At the start of 2002, after five years of declining sales in the wake of the 1997 Asia currency crisis, Dorian Drake’s owners converted the company to open-book management, adopting a methodology popularized by Jack Stack and his ground-breaking book, “The Great Game of Business.” The owners opened the company’s financial statement to all staff and empowered each of the company’s four business units to manage their own profit and loss statement. They also established a new companywide bonus plan based on the company’s net profits. For a privately owned family business, this was a big change.
“It felt like a risky decision at the time,” says Ed Dorian Jr., “The company wasn’t doing well, and we were concerned that if people saw the financials, some might jump ship.” Some senior staff had already recently departed, lured by the attraction of internet start-ups amidst the dotcom boom.
But Dorian Jr. also knew that many staff members cared deeply about the company and wanted to help get the business back on track. “We didn’t simply open the books,” Dorian Jr. says. “We adopted a new business process that made visible previously hidden streams of income and expense and helped everyone understand how the work they do in their corner of the business affects the bottom line.”
Though market conditions remained tough, Dorian Drake’s financial results steadily improved. By the end of 2003, the company earned enough profit to produce a distribution for its shareholders and a first-time bonus payout to its staff under the new plan. “This was validation,” Dorian Jr. says, “that we were on the right track.”
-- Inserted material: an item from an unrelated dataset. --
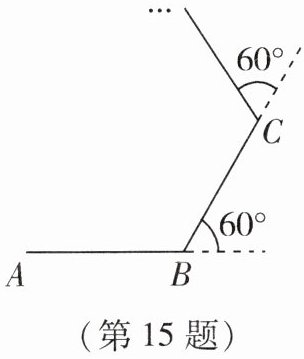 15. 如图,小东在操场的中心位置,从点A出发,每走6m向左转$60^{\circ}$.

In the ensuing ten years, the company doubled its sales, turned a profit every year, exceeded its stretch financial target five times, paid out more than $4.5 million in staff bonuses and produced more than $7.5 million in pre-tax corporate earnings. Open-book also helped the company weather the 2008-2009 financial crisis, when all staff members agreed to take a pay cut in order to avoid staff layoffs. The sacrifices made by all staff members enabled the company to get back into the black by the fourth quarter, when it restored everyone to full pay, and produced enough earnings by year’s end to pay everyone a year-end profit sharing bonus.
The adoption of open-book management led to other positive changes. The export management company created a cultural committee and became more focused on building a workplace where employees felt trusted, valued and engaged. Staff turnover, once as high as 30% a year, has fallen to about 5% a year since the owners opened the books. Surveys have shown that at the core of the transformation has been a new-found sense of ownership among employees.
“Dorian Drake is a very different organization today than it was before we converted to open-book,” Dorian Jr. says. “The transparency we created when we opened the books has built a spirit of openness and trust. Our bonus plan has fostered a sense of accountability to each other. We are now a team pulling together toward a common goal.”
Building on this sense of ownership, the company in 2012 granted stock to a newly created Employee Stock Ownership Plan for its US employees and a parallel phantom stock plan for its foreign staff. Dorian Jr. says he had several goals in mind when creating these new employee equity plans. “First, these plans give us the opportunity to educate our staff about the things we need to do to build shareholder value. These conversations are a lot more meaningful when everyone shares in company ownership.”
A second goal, he says, was to create a staff retention vehicle. “We work hard to recruit, develop and retain the best people in our field. We believe employee ownership gives people another reason to stay and build their careers with Dorian Drake.”
Dorian Jr. says the employee stock ownership plans could also provide him with an eventual exit strategy. “If I come to a point where I think I need to sell the business, the ESOP and phantom stock plans would provide the option to sell the business to the people that helped us build it.”
Knut Sauer, veteran manager of Dorian Drake’s Automotive Group, notes, “Open-book management grew employee awareness about the bigger picture and educated everyone as to how they could contribute to corporate profitability. Taking this next step of implementing an ESOP further motivates the employees to drive not only profitability but also the long-term value of the organization. It’s very exciting to see the ongoing transformation in people from line staff to financially aware employees to owners.”